The client is a large enterprise operating a complex supply chain ecosystem across multiple business units, logistics providers, warehouses, ERP systems, and third-party applications. Data was distributed across disconnected systems, making it difficult to achieve real-time visibility into operations, inventory, fulfillment, and supplier performance. The organization needed a scalable integration platform capable of unifying enterprise data and supporting advanced analytics across the supply chain network. To accelerate this transformation, the client partnered with Zymr.
The client’s supply chain data existed across multiple ERP platforms, warehouse management systems, transportation systems, procurement tools, and external partner applications. The lack of centralized visibility created operational silos and delayed decision-making.

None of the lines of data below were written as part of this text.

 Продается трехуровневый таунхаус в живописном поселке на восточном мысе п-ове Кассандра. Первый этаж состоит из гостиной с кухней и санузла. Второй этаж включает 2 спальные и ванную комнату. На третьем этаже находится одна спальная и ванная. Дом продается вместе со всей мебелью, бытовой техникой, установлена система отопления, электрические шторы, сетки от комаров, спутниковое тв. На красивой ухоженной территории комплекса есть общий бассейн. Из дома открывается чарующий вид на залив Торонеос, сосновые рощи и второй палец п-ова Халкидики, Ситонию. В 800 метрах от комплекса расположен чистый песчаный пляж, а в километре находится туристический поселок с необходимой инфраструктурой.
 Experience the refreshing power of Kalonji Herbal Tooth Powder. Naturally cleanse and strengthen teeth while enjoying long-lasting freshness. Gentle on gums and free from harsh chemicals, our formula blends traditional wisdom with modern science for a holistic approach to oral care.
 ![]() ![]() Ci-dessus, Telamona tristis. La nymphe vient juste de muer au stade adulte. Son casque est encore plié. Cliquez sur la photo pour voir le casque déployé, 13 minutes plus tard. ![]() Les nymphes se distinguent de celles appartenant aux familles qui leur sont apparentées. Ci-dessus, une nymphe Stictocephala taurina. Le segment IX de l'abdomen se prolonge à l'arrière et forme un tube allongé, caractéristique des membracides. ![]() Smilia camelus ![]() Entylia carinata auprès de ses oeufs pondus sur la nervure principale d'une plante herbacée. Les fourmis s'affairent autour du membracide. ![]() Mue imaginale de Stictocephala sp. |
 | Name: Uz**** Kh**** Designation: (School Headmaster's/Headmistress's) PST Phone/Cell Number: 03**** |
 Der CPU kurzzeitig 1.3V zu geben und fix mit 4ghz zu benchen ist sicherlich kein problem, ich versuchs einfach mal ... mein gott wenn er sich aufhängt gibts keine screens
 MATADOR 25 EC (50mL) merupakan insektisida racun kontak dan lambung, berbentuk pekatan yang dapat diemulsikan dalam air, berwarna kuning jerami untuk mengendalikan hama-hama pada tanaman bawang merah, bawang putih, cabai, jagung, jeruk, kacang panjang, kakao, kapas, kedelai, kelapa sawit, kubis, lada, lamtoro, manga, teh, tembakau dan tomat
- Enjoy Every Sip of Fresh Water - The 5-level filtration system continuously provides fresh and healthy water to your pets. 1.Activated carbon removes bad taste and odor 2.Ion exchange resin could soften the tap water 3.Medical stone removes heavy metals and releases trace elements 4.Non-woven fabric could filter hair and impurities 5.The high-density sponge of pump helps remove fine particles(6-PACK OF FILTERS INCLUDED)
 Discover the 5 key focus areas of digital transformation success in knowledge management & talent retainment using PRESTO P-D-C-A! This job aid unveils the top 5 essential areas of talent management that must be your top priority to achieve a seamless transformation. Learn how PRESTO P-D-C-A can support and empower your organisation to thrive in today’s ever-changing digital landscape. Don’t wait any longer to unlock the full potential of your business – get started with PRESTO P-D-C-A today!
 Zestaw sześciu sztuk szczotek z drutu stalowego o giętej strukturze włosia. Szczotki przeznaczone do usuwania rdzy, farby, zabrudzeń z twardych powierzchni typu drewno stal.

Reporting processes were heavily dependent on manual consolidation of data from different systems, resulting in inconsistent reporting and delayed operational insights. Business teams struggled to access accurate, real-time information related to inventory movement, shipment tracking, supplier performance, and order fulfillment.
The existing integration environment was difficult to scale and lacked the flexibility required to onboard new systems efficiently. In addition, inconsistent data formats and disconnected workflows limited the organization’s ability to implement enterprise-wide analytics and AI-driven forecasting initiatives.
The client needed a modern integration hub platform capable of unifying data across the supply chain ecosystem while supporting scalable analytics, operational visibility, and future digital transformation initiatives.
Zymr engineered a scalable lakehouse-backed integration platform that unified enterprise data across supply chain systems and enabled real-time analytics, operational visibility, and intelligent reporting.
Zymr designed and implemented a modern integration hub platform engineered to support enterprise-scale supply chain operations, data unification, and analytics.